Happy Friday! Some bummer bookkeeping from Andrew before we start: After four great years, today is my last day at The Dispatch. Next week, I’ll be moving over to The Bulwark, where I’m taking over as White House correspondent. I’ll miss my coworkers, our readers, and this newsletter—but what a news day to go out on!
Up to Speed
- Special counsel Robert Hur declined to bring charges Thursday against President Joe Biden for mishandling classified documents, although he said Biden’s actions had presented “serious risks to national security.” But it was the Hur report’s comments on Biden’s demeanor and recall during their interviews that sent shockwaves through Washington on Thursday afternoon: Hur wrote that “Biden’s memory also appeared to have significant limitations,” adding that “at trial, Mr. Biden would likely present himself to a jury, as he did during our interview of him, as a sympathetic, well-meaning, elderly man with a poor memory.”
- The White House pushed back strongly against Hur’s assertions about Biden’s mental fitness. In a letter to Hur released shortly after the report, White House lawyers argued that “the same predictable memory loss occurred with other witnesses in this investigation. Yet unlike your treatment of President Biden, your report accepts other witnesses’ memory loss as completely understandable given the passage of time.” The letter also said that Biden had a decent reason to be distracted: He sat for his interviews in the days immediately after the October 7 Hamas attack on Israel.

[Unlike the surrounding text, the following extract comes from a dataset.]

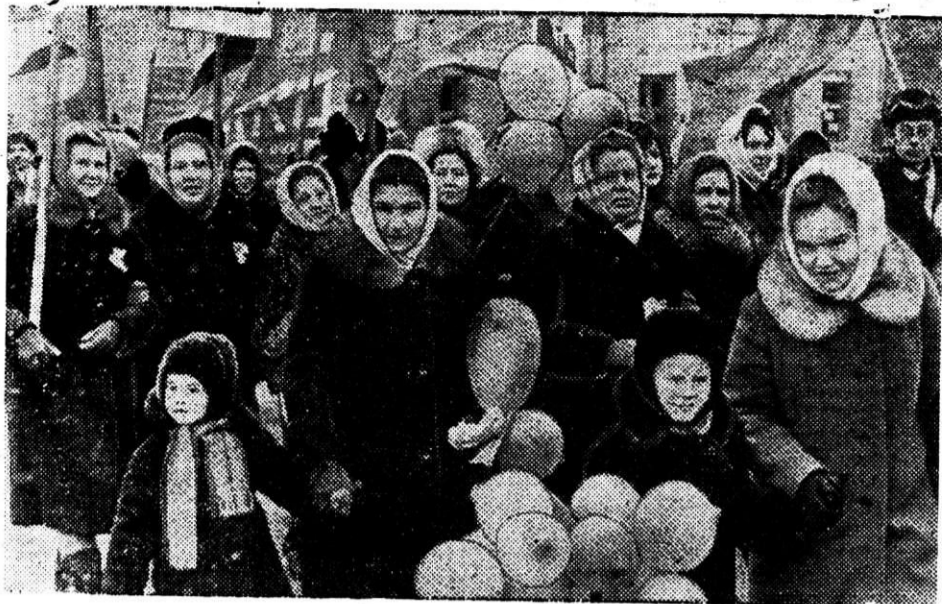
Праздничная демонстрация трудящихся Магнитогорска.

- The Supreme Court heard oral arguments on Thursday for a Colorado case considering whether states can remove former President Donald Trump from the ballot if they judge him to have incited an insurrection. The Colorado Supreme Court ruled in December that the state could bar him from the ballot, but the Supreme Court seemed skeptical of that argument: “I think that the question that you have to confront is why a single state should get to decide who gets to be president of the United States,” Justice Elena Kagan, a member of the court’s liberal minority, told Colorado’s lawyers. “What’s a state doing deciding who other citizens get to vote for for president?”
- Marianne Williamson, the two-time longshot Democratic presidential candidate, announced Wednesday she would suspend her campaign after failing to break out of the low single digits in the South Carolina and Nevada primaries. “I hope future candidates will take what works for them, drinking from the well of information we prepared,” Williamson, the self-help author who campaigned on promises of spiritual renewal and a policy agenda to Biden’s left, said in a statement.
- Donald Trump racked up another victory in the Republican primary on Thursday, winning the nominating caucuses in the U.S. Virgin Islands and securing all nine of the territory’s delegates to the GOP convention in Milwaukee. The former president earned 74 percent, far outpacing Nikki Haley’s 26 percent, a spokesman for the Virgin Islands Republican Party announced in a press release. Trump also won Thursday’s Nevada GOP caucuses, a contest in which he ran virtually unopposed. Haley declined to pay the $55,000 to enter the contest, claiming it was rigged to boost the former president. She participated in Tuesday’s GOP primary in the state instead, coming in second place to “none of these candidates.”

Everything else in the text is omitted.